Python bindings for libepub using Shiboken

I have a Kindle, I like it very much, but unfortunately I can’t say the same about the format it used for books. Not that I have made a detailed study of the mobi format and came to the conclusion that it is technically inferior. No. The problem is that ePub is so much more popular, which mean more books, and more tools to play with. Calibre is awesome to convert between eBook formats, but I prefer the simplicity of downloading a book, copying it to the device and reading right away.

When my Kindle is not at hand, my replacement reader is a N900 with MeBook, one of my favorite apps – it looks for books (in ePub format) on Feedbooks, downloads to device and show them in a nice list with covers and all. Looking at MeBook source code I learned that it uses libepub to read the ePub eBooks, so I thought it would be interesting to make a Python binding to libepub. And here we are.

Ah, and one more thing before we start, I found a related Python project on github called libepub. Hadn’t checked it yet, but I mention it here for information’s sake.

Shiboken

Shiboken is the world famous tool used to generate the world famous PySide bindings (that happen to have reached 1.0 last week – yay!) It is one of the best tools around to generate Python bindings for C++ libraries. But that’s me talking – I work on it. But libepub is written in C, and even though Shiboken can generate bindings for a bunch of global functions and put them together in a Python module, that’s crappy. So I’ll have to make some preparations to make libepub appear beautiful in Python.

Pre-requisites: development files (i.e. the headers) for ApiExtractor, GeneratorRunner, Shiboken, and libepub. (For Debian/Ubuntu users this means: libapiextractor-dev, libgenrunner-dev, libshiboken-dev, and libepub-dev.) And the C++ compiler plus CMake, of course.

Remainder: ApiExtractor, GeneratorRunner and Shiboken are made with Qt (only the core libs, no ui for them), but the bindings generated do not depend on Qt at all. Except, obviously, if the library being wrapped already does.

libepub

First let’s have an overview of libepub. It has three structures used as opaque pointers:

// Contains information about the ePub file.
struct epub;
// Iterator object for the Table of Contents.
struct titerator;
// Iterator object for the book contents.
struct eiterator;

If you want to read the contents of an ePub file, call the function that will create an epub structure, iterate through its table of contents with a titerator, and then the contents themselves with an eiterator.

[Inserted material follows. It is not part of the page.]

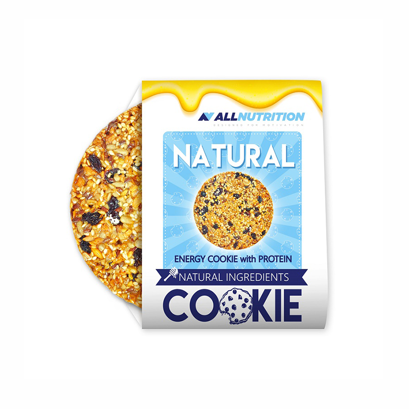 Allnutrition Natural Cookie е неустоима комбинация от сушени плодове, тиквени семки, слънчогледови семки, ленено семе, мед и протеин. Не съдържа глутен. Перфектна е за бърза закуска, преди и след тренировка или междинно хранене в моменти, когато сме на крак и искаме нещо бързо и вкусно.

Most functions follow that “object oriented C” format seen in other libraries, with the first argument being a pointer to the structure that represents the “this” or “self” in OO languages. Examples:

void
epub_dump(struct epub* epub);

unsigned char**
epub_get_metadata(struct epub* epub,
                  enum epub_metadata type,
                  int* size);

int
epub_get_data(struct epub* epub,
              const char* name,
              char** data);

CMake

I’ll use CMake as the build system for the bindings because I feel comfortable with it – it is the same used in PySide and all the Shiboken generator tool chain. I’ll not give too much attention to this part of the process, just check the CMakeLists.txt files; more detailed explanation on the process of building a binding can be found in the PySide Binding Generation Tutorial. For really really basic information check PySide CMake Primer.

Handmade C++ Wrapper for a C library

To generate Python bindings for a C++ library one must write a XML description called type system, which will declare what must be exposed on Python land, and if any of this needs modification: global functions, classes, namespaces, enums. For example, if in C++ I have the class Rectangle, I would declare it in the type system this way:

<value-type name='Rectangle' />

All the methods belonging to Rectangle would be exposed to Python automatically. The same is not true for the C functions that representing the methods for the epub struct. Unfortunately there’s no way to tell the Shiboken generator that I want to have the epub structure and functions represented as a class with methods, so we have to make a thin C++ wrapper around the C structures. That would be a lot of work for a huge C library, but even with a tiny one I feel uncomfortable having to resort for this kind of hackery. The type system should be expressive enough to bind C structs and functions as if they were proper objects with methods. I’ll mark this for future community/out-of-work improvements on Shiboken.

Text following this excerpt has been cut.